A new, entry level unit is going to run you over $100. A new transducer can be bought on eBay or Amazon for a lot less than $60. If all you want is depth readings, as long as the head unit works and is still water tight, a new transducer will do you fine.

Sent from my DROID RAZR using Ohub Campfire mobile app


----------



## Eriesteamer (Mar 9, 2007)

I can fix it so if you care sell it let me know threw my PM and we can go from there. If you was my fishing pal I fix it free but that is if you was. I used to fix the spin type as they was duck soup for me to fix. Most the newer are not made to fix. Any one read this and have any spin type I buy it.
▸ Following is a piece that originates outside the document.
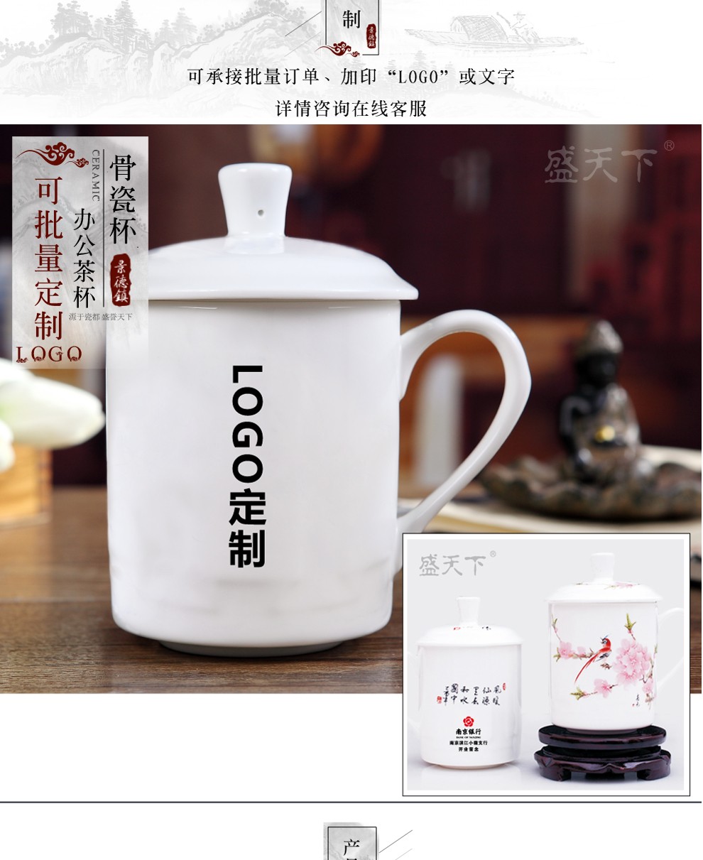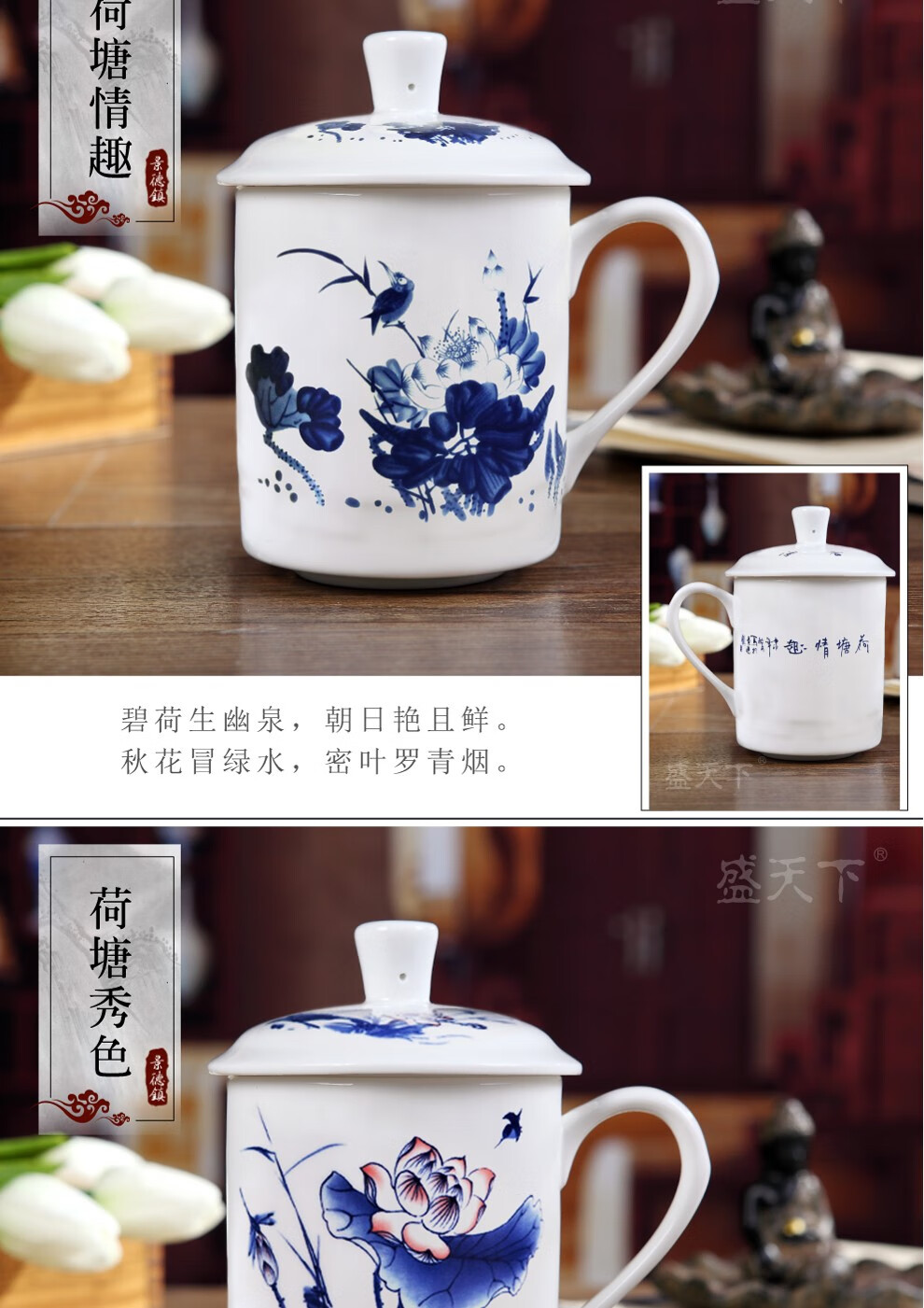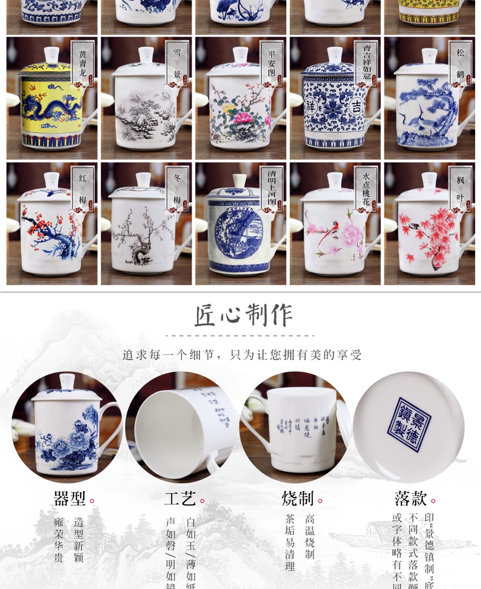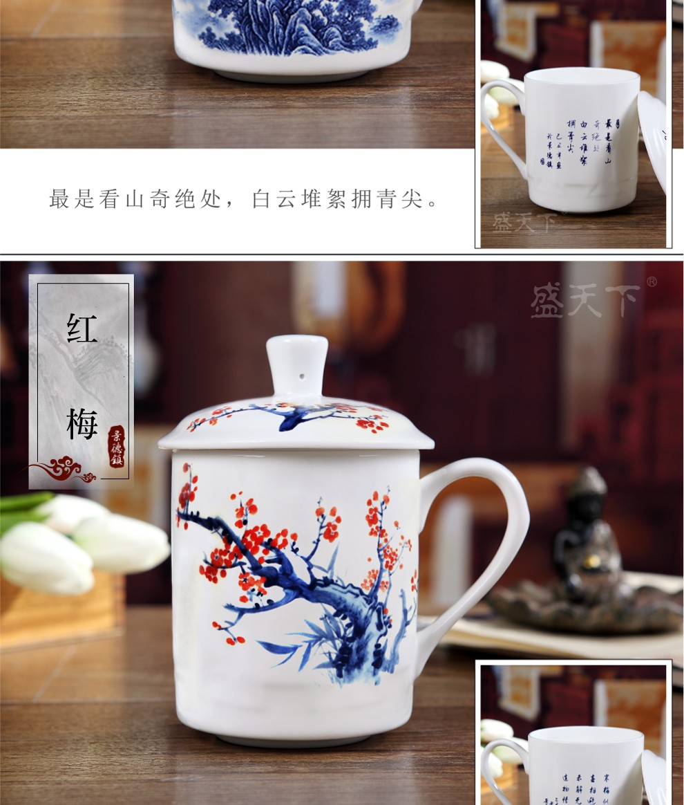 盛天下景德镇陶瓷茶杯带盖骨瓷杯青花水杯办公杯礼品杯会议杯子定制 青花牡丹 500ML

Like get a few vexlers or what as they have 3 colors and are worth fixing less a Mack truck ran over it. Still take older one that are spin and black and white.


----------



## Snakecharmer (Apr 9, 2008)

Why not strip the wires and rewire it? What do you have to lose?

It worked when I took the hedgeclippers to the extension cord....


----------



## Lil' Rob (Apr 11, 2004)

Snakecharmer said:


> Why not strip the wires and rewire it? What do you have to lose?
> 
> It worked when I took the hedgeclippers to the extension cord....


If the cut is in a location where you'd have room to splice the wire back together, then give that a try. Just match up each of the colors, electrical tape them individually, and then tape over all of the wires. A couple layers of electrical tape over the splices and up a few inches on both sides onto the outer jacket of the cable will seal it up pretty good.


----------



## Bad Bub (Jan 17, 2006)

You can splice a transducer cable and get it to work, but once the outer jacket is cut through, you will be prone to a ton of electrical interference.

Sent from my DROID RAZR using Ohub Campfire mobile app


----------



## George43001 (Aug 18, 2006)

Thanks for all the replies -- I appreciate your help. I tried to splice the wire, but couldn't do it. The tranducer cable has what looks like a wire shield or something just under the outside plastic and then has a heavy round molded plastic tube like in the middle. Inside this molded tube is 3 hair size wires. When I try to strip this plastic away from the wires -- the small wires break -- nothing left to splice. As Eriestreamer said -- this must be one of the newer styles. Thanks for all your help -- I think I will take Bad Bubs advise and take a look on ebay. ALL OF YOU WERE MOST HELPFUL -- THANKS


----------